Pulse Health Limited (ASX: PHG) saw its share price plunge more than 30% to around 30 cents, after the private hospital operator revised its 2016 earnings guidance down.

The company now says that it expects underlying earnings before interest, tax, depreciation and amortisation (EBITDA) to be between $8 and $9.2 million – down from the $10.2 million expected in February 2016.

Pulse says the major contributor is due to a recent downturn in activity in its three rehabilitation hospitals. The company says the lower end of guidance is there in case strategies to improve earnings are unsuccessful.

However, Pulse says it remains confident in the demand outlook for rehabilitation care and its ability to improve utilisation in each of our hospitals over the short to medium term. The company plans to increase utilisation by providing non-rehab services where appropriate.

The revised results don’t include any contributions from recently announced acquisitions which are expected to deliver an incremental increase in FY17 EBITDA of $6.4 million. Pulse acquired 6 Australian facilities and one New Zealand hospital in December 2015 for $48.3 million upfront plus potential earn outs depending on performance in FY16 and FY17.

At the time, Pulse said it expected to report FY17 EBITDA of $18.1 million, but that appears to be in jeopardy as well now.

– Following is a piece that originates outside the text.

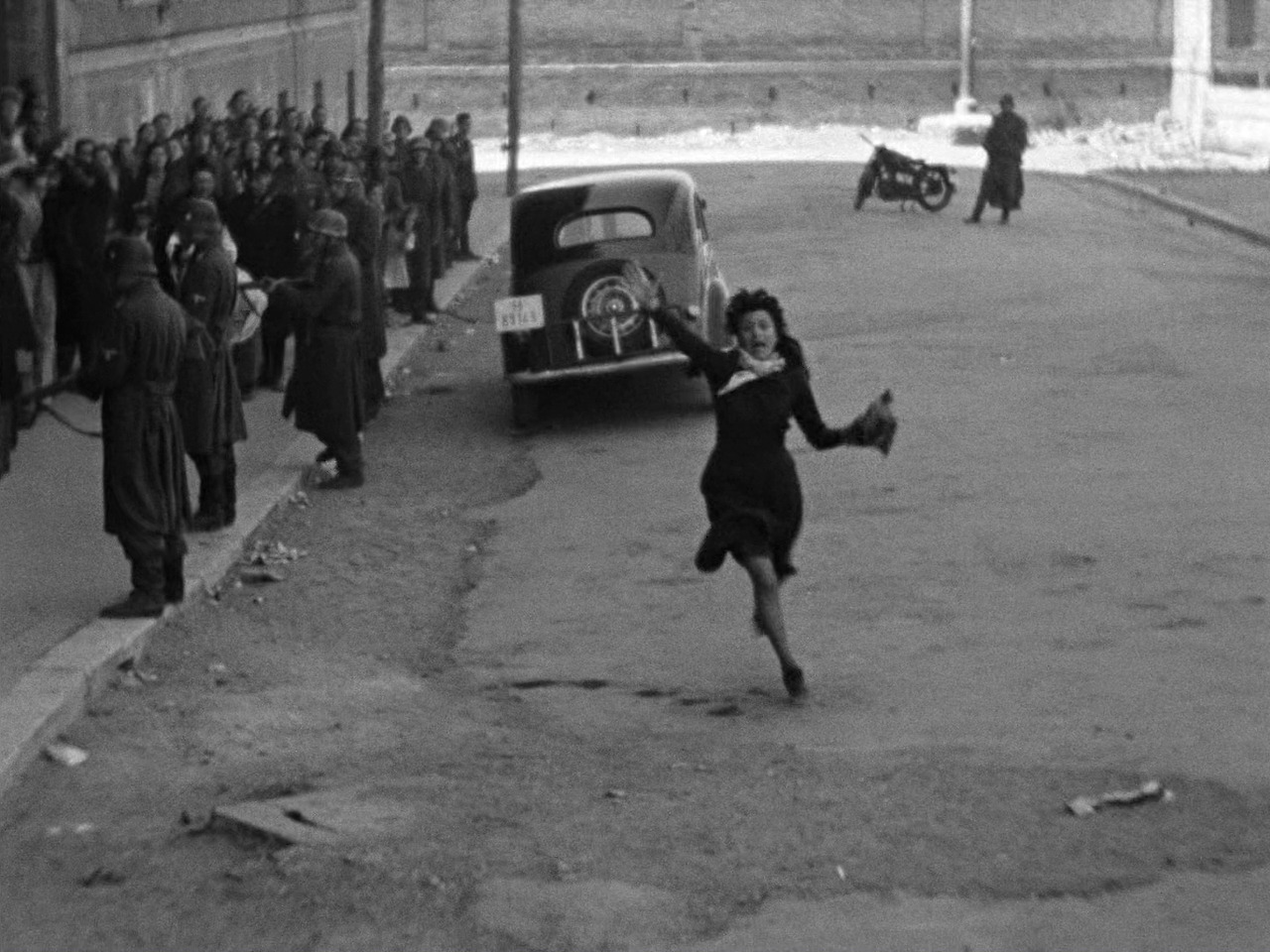 둘째는 피나가 독일군에게 체포되어 끌려가는 프란체스코를 쫓아가며 거리를 달리다가 총에 맞아 쓰러지는 장면이다. 이 장면은 핸드헬드 카메라로 촬영되어 상황의 긴박감과 인물의 절망을 강렬히 전달한다. 피나가 총에 맞아 쓰러지는 장면은 one-shot 기법으로 하나의 연속된 숏으로 처리된다. 이 장면은 그녀의 죽음이 극적으로 표현되지 않고 마치 현실 세계의 한 모습처럼 흐름처럼 목격된다. 전쟁 속에서 죽음이란 허망하고 갑작스러우며 언제 찾아올지 모르는 것임을 관객은 느끼게 된다.

Given the specialist nature of Pulse’s hospitals, it’s unlikely that larger and more diversified general hospital operators Ramsay Health Care Limited (ASX: RHC) and Healthscope Ltd (ASX: HSO) will be similarly affected.

Foolish takeaway

A relatively illiquid share, Pulse Health could be one to watch, particularly if it can reach its previous FY17 EBITDA target, and given the tailwinds in the sector.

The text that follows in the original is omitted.